In essence, regression __models__ a true functional dependance $y = f(\vec{x})$ and tries to obtain an approximate function $y = f(\vec{x}, \vec{\theta})$, by estimating $\vec{\theta}$

The formal definition of a regression function is 

$$r(x) = \mathbf{E}(Y|X=x)$$

i.e. what is the value of $Y$ that I __expect__ to observe, given that I have observed that my "Random Variable" $X=x$

## Linear Regression

Linear Regression makes life easy by assuming that the functional dependance is linear!

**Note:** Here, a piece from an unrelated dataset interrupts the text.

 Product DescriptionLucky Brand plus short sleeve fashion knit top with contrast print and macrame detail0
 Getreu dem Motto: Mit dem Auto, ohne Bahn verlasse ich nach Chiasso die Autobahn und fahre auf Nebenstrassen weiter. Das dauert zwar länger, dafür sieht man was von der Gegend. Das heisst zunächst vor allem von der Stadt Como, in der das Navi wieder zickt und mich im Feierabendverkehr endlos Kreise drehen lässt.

Let us first take the "simple" case where our $\vec{x} = x$ i.e. the functional dependance is only on one variable

We are therefore looking for the regressor $$r(x) = \mathbf{E}(Y|X=x) = f(x, \hat{\beta_0}, \hat{\beta_1}) = Y_i = \hat{\beta_0} + \hat{\beta_1} X_i.$$ Basically, we are looking to _fit_ a straight line with slope $\hat{\beta_1}$ and intercept $\hat{\beta_0}$.

__This is Simple Linear Regression__

If we have $Y_i = \hat{\beta_0} + \sum_j \hat{\beta_j} X_{i, j}$, we have __Multiple Linear Regression__

## How to we find the slope and intercept(s)?

![ohm-law-circuit-diagram-with-instruments.png](attachment:ohm-law-circuit-diagram-with-instruments.png) 

Say we are experimentally verifying Ohm's Law $V = I R$, but we have a faulty potentiometer. This means that I have noisy measurements for the voltage $V$ and the current $I$. I have taken n = 75 measurements and I want to find an approximate value to the resistance. 

In [None]:
import numpy
import matplotlib.pyplot as plot
from ohmslaw import get_data, plot_figure

In [None]:
# using help in Jupyter notebooks
get_data?

In [None]:
i, v = get_data()
#i, v = get_data(nobs=10) # caveat 1
#v[10] = 7                # caveat 2

Now that we have the data, what we are interested in is finding the parameters $\theta = (\hat{\beta_0}, \hat{\beta_1})$. For this we recall that the linear regression model _approximates_ the true functional dependance between the between the data.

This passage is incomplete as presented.